Dans deux articles remarqués 2 ( * ) , Carmen Reinhart et Kenneth Rogoff, économistes du Bureau of Economic Analysis , s'appuyant sur des données historiques longues, soulignent :

- que dans les vingt principaux pays développés, les périodes où l'endettement du Gouvernement central a été supérieur à 90 points de PIB se sont traduites par une croissance nettement inférieure à celles où il a été compris entre 60 et 90 points de PIB (en moyenne, de 1,7 point depuis 1790 et de 4 points depuis 1946) ;

- que lors des quatre grandes crises bancaires traversées par les pays développés depuis la fin du XIX e siècle précédemment à la crise actuelle (qui ont débuté respectivement en 1893, 1907, 1914 et 1931), trois 3 ( * ) ont été accompagnées ou suivies d'une vague de défauts souverains, de 5 % à 25 % des Etats développés ayant alors fait défaut (les défauts des années 1890 et des années 1930 constituant, avec ceux des pays d'Amérique latine dans les années 1980-1990, les trois principales crises de la dette souveraine au niveau mondial).

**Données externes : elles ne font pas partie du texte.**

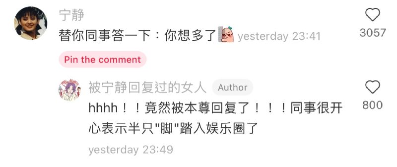 結果沒想到居然得到了本尊翻牌,寧靜到樓主評論區回復:「替你同事答一下:你想多了」哈哈哈哈哈哈哈哈哈哈哈哈哈哈哈哈哈哈哈哈哈哈哈!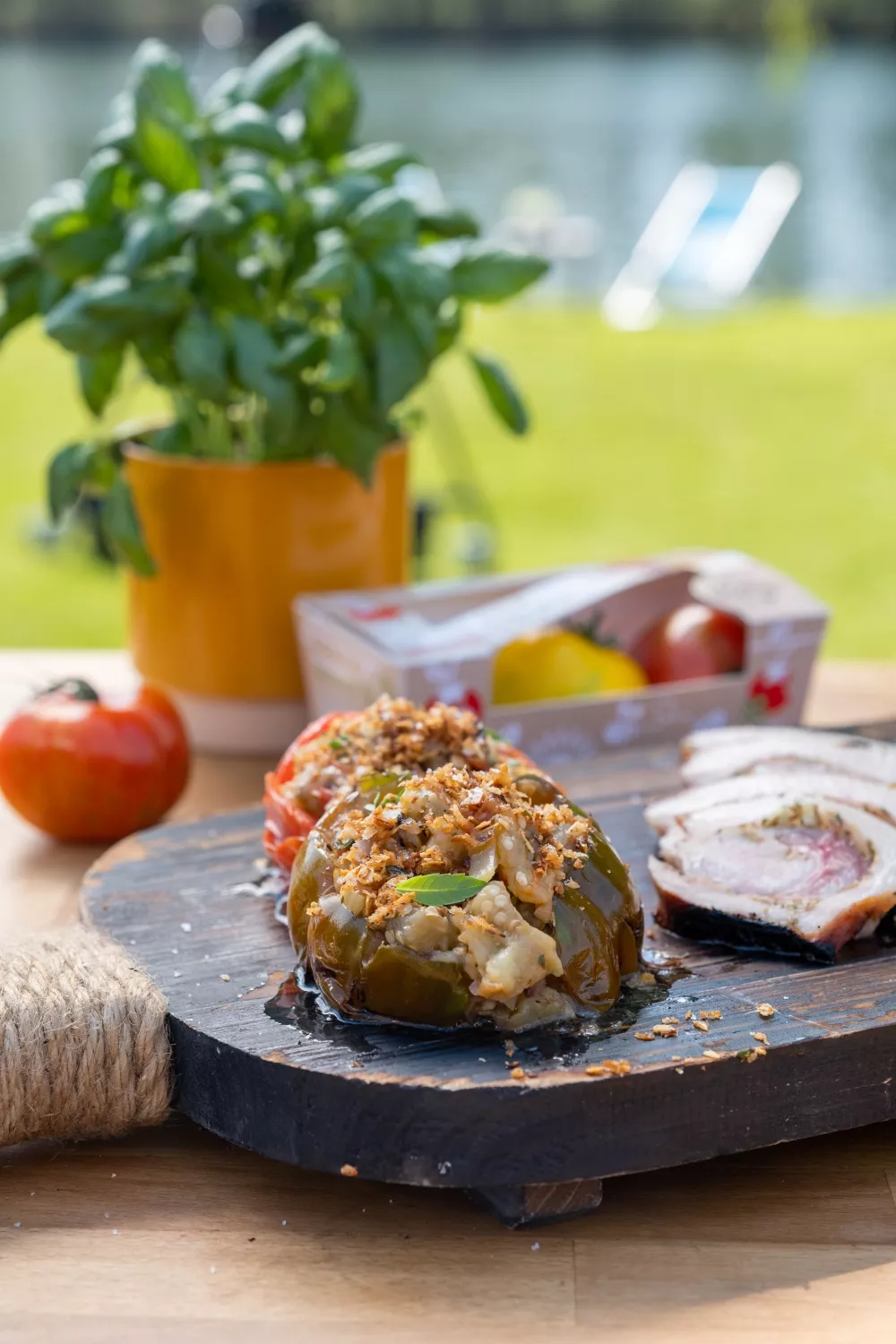 Hol de vleestomaten uit. Doe het vruchtvlees van de tomaten nog bij de caponata. Haal de aubergine van de grill, lepel er het vruchtvlees uit en voeg ook nog toe. Laat het geheel nog een minuutje sudderen en breng de caponata nog verder op smaak met enkele blaadjes verveine, citroentijm, een scheutje olijfolie en een lepeltje kappertjes. Vul vervolgens de uitgeholde tomaten op met de caponata en plaats ze nog enkele minuten op de grill.

Carmen Reinhart et Kenneth Rogoff concluent leur article de février 2010 en suggérant que la crise bancaire actuelle pourrait amener des Etats à faire défaut 4 ( * ) .

Certes, ce point de vue est contesté. Par exemple, les auteurs ne montrent pas que c'est bien la dette qui suscite la faible croissance, et non l'inverse. Par ailleurs, ce n'est pas parce que les crises bancaires mondiales (au demeurant peu nombreuses jusqu'à présent) ont le plus souvent été accompagnées de défauts d'Etats développés que tel sera également le cas cette fois-ci. La France continue d'être bien notée par les agences, et bénéficie d'un spread favorable, en raison en particulier de la profondeur de son marché obligataire.

Ces analyses montrent cependant que la crise a suffisamment dégradé la situation des finances publiques pour que l'on puisse désormais s'interroger sérieusement sur l'éventualité du défaut d'un Etat développé.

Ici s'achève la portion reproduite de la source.